Of his advent into the ranks of the Co-Optimists a word must
needs be said, for the occasion was one of the most romantic that has ever figured
in the pages of musical history.
Melville was one day giving one of his celebrated midday pianoforte
recitals to a large and fashionable audience outside the jug-and-bottle
entrance of the "Nag's Head."
By a curious coincidence the song he chanced to be singing at the moment
of the great climacteric was "Steed, elevate your caudula!" He was midway through the chorus when Davy
Burnaby emerged from the swing-doors carrying his lunch in a large stone demijohn. Ever quick to recognise talent in others, of
whatever degree, Davy Burnaby at once approached the barrow on which the singer
was seated at his portable piano.
"Excuse me, but you have some very fine top
notes," he began.
"Yes," agreed Melville modestly, "the highest
ones have snow on them all the year round."
So delighted was Davy at this witty reply that then and
there he offered Melville the post of principal tunesmith in the little band of
bright young things he was engaged in organising at a salary so high that it
would require a hydraulic lift to draw it.
Melville hesitated. He was at the
cross-roads. The die had to be
cast. He was on the horns of two
stools. Now or never he must take the
bit between his teeth. Davy noticed his
hesitation.
"That includes boots, lights and attendance," he
added.
That decided it. It
was the last straw to the drowning camel.
Sweeping the contents of his hat into his purse, Melville rose from his
gingerbeer crate, presented piano, barrow and donkey to a trustee of the
British Museum who chanced to be passing at the moment, and, grasping Davy
firmly by the demijohn, "Put it there!" he said. Thus is history made.

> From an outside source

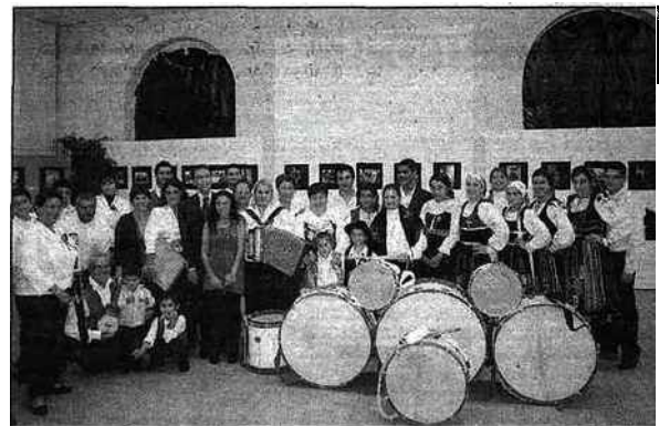
L'association portugaise d'Anglet a pris part aux festivités.

Une ambiance 100 % portugaise en clôture des journées du jumelage entre Hendaye et Viana Do Castelo, pour le décrochage de l'exposition des photographes vianais et hendayais relatifs aux Semeilhanças , aux similitudes entre les deux villes. Une dernière soirée colorée avec la participation des danseurs et musiciens de l'association portugaise d'Anglet (une idée de sortie à retenir pour l'après-midi du dimanche 15 novembre au local de l'association où aura lieu une fête populaire).

In his home life Melville, for a musician, is singularly
methodical. Every morning sees him at
the same hour wending his way with a sack over his shoulder to his music-publishers',
there to draw his royalties. Every noon
sees him returning to his home – he lives in A flat, as befits the true
musician – with his sack full of notes – as again befits the true musician.
"Orpheus with his loot," we might say.
Each day, too, sees an hour or two devoted to composition
and oiling his voice, as also to practising on one of the nine pianos he
possesses. There is even a piano in the
bathroom, upon which, when nude, he is accustomed to evolve glad "rags." But he does not sing in his bath.
He finds it chips the enamel.
Recreation he has no time for, which is not surprising when
one remembers that his work is playing.
His one diversion, if it may be so termed, is the selecting and
assimilating of a recherche little
supper, which no doubt explains the quotation frescoed on his dining-room
wall:
"If music be the love of food, play on."